Discussion. The statute was not found to be unconstitutional by the Court. Blackmer (D) alleged that there was inadequate notice, but since he still retained his U.S. citizenship, he was
still subject to the U.S. authorities.

Liechtenstein v. Guatemala (Nottebohm Case), 1955 I.C.J. 4

Brief Fact Summary. A month after the start of World War II, Nottebohn (P), a German citizen who had lived in Guatemala (D) for 34 years, applied for Liechtenstein (P) citizenship.

Synopsis of Rule of Law. Nationality may be disregarded by other states where it is clear that it was a mere device since the nationality conferred on a party is normally only the
concerns of that nation

Facts. Nottebohn (P), a German by birth, lived in Guatemala (D) for 34 years, retaining his German citizenship and family and business ties with it. He however applied for Liechtenstein
(P) citizenship a month after the outbreak of World War II. Nottebohm (P) had no ties with Liechtenstein but intended to remain in Guatemala. The naturalization application was
approved by Liechtenstein and impliedly waived its three-year. After this approval, Nottebohm (P) travelled to Liechtenstein and upon his return to Guatemala (D), he was refused entry
because he was deemed to be a German citizen. His Liechtenstein citizenship was not honored. Liechtenstein (P) thereby filed a suit before the International Court to compel
Guatemala (D) to recognize him as one of its national. Guatemala (D) challenged the validity of Nottebohms (P) citizenship, the right of Liechtenstein (P) to bring the action and alleged
its belief that Nottebohm (P) remained a German national.

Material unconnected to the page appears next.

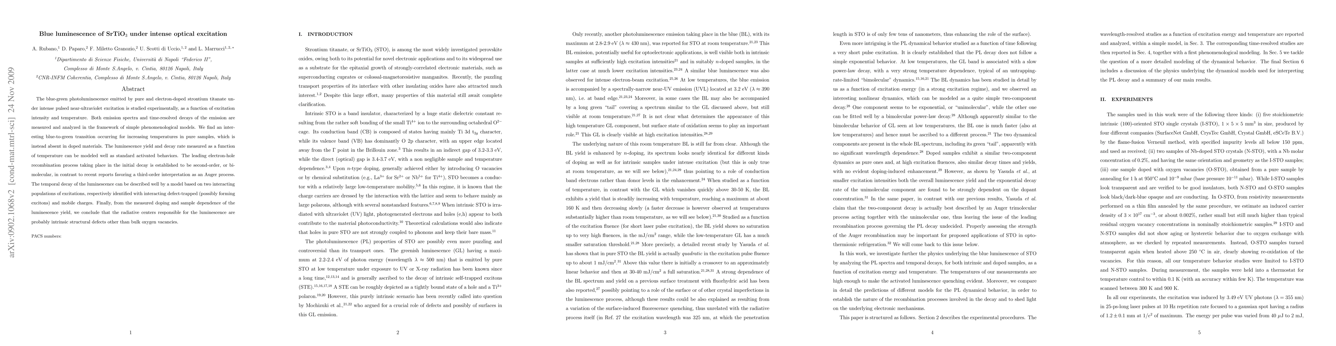 The blue-green photoluminescence emitted by pure and electron-doped strontium titanate under intense pulsed near-ultraviolet excitation is studied experimentally, as a function of excitation intensity and temperature. Both emission spectra and time-resolved decays of the emission are measured and analyzed in the framework of simple phenomenological models. We find an interesting blue-to-green transition occurring for increasing temperatures in pure samples, which is instead absent in doped materials. The luminescence yield and decay rate measured as a function of temperature can be modeled well as standard activated behaviors. The leading electron-hole recombination process taking place in the initial decay is established to be second-order, or bimolecular, in contrast to recent reports favoring a third-order interpretation as an Auger process. The temporal decay of the luminescence can be described well by a model based on two interacting populations of excitations, respectively identified with interacting defect-trapped (possibly forming excitons) and mobile charges. Finally, from the measured doping and sample dependence of the luminescence yield, we conclude that the radiative centers responsible for the luminescence are probably intrinsic structural defects other than bulk oxygen vacancies.

Issue. Must nationality be disregarded by other states where it is clear that it was a mere device since the nationality conferred on a party is normally the concerns of that nation?

Held. NO. issues relating to citizenship are solely the concern of the granting nation. This is the general rule. But it does not mean that other states will automatically accept the
conferring states designation unless it has acted in conformity with the general aim of forging a genuine bond between it and its national aim. In this case, there was no relationship
between Liechtenstein (P) and Nottebohm (P). the change of nationality was merely a subterfuge mandated by the war. Under this circumstance, Guatemala (D) was not forced to
recognize it. Dismissed.

Discussion. A state putting forth a claim must establish a locus standi for that purpose. Without interruption and continuously from the time of the injury to the making of an award been
a national of the state making the claim and must not have been a national of the state against whom the claim has been filed. International law 347 (8th Ed. 1955) Vol.1.